Once again, there is nothing,
nothing unique about the LHC collisions aside from the fact that they take place inside a massive pile of detectors.
Quote:
Originally Posted by Warren Platts
I keep hearing talk that two 7 TeV beams will collide, resulting in a 14 TeV collision. E.g. when cjameshuff said that a stationary, 14 TeV mBH formed by the two beams colliding that happened to get hit again by one of the beams would turn into a 21 TeV mBH, and then go skittering off into the universe. But perhaps he's wrong about that.  |
Mass-energy is conserved, as is momentum. But it's much more than twice as hard to achieve a 14 TeV beam as it is to achieve a 7 TeV beam, and the products would emerge in a extremely narrow cone, making it difficult to see anything.

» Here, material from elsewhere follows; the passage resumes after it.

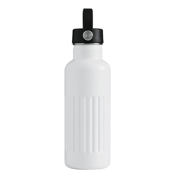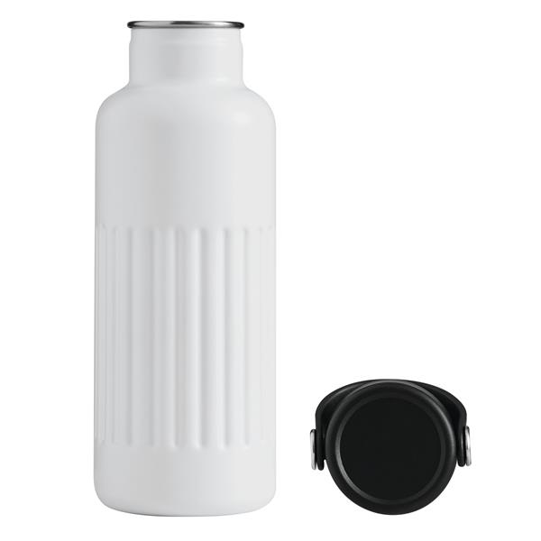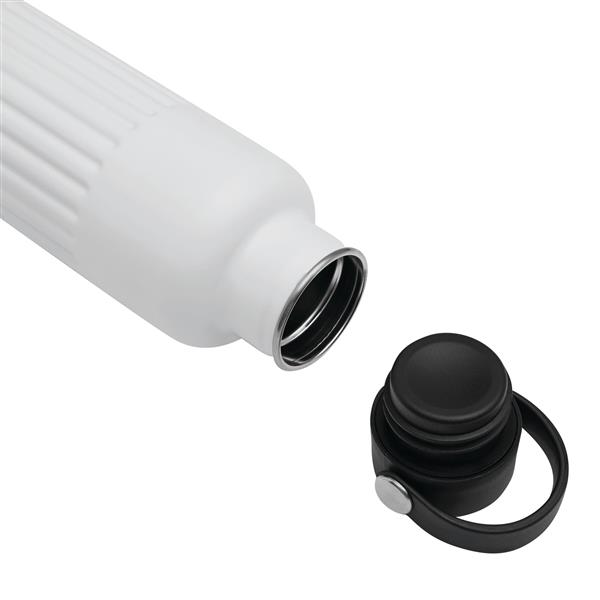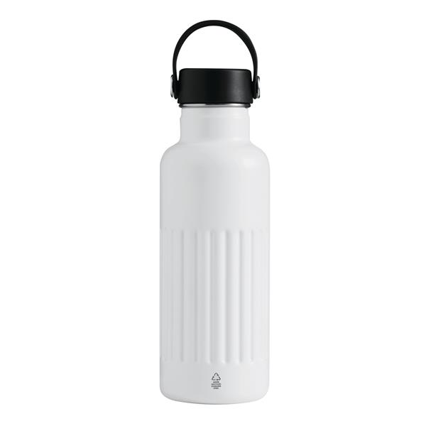 Próżniowa butelka WAVE TRAIL z podwójną izolacją. Wewnątrz wykonana ze stali nierdzewnej z recyklingu, na zewnątrz ze stali nierdzewnej. Posiada pokrywkę z bezpieczną zakrętką, silikonowym pierścieniem uszczelniającym i plastikowym paskiem do przenoszenia. O pojemności ok. 500 ml. Utrzymuje ciepło przez ok. 8 godzin i zimno nawet do 12. Zapakowana jest w pudełko.

That was actually a very conservative, beyond-worst-case back-of-the-napkin estimate. It gains both mass and kinetic energy from the third impact, so it would actually violate conservation laws if it really massed 21 TeV. It would realistically be something less than that, and have a higher velocity. But the chances of the proton-MBH event occurring in the first place are ridiculously slim.
Quote:
Originally Posted by jj_0001
Do you guys understand what a fast-moving tiny black hole would do to the planet in terms of tidal force?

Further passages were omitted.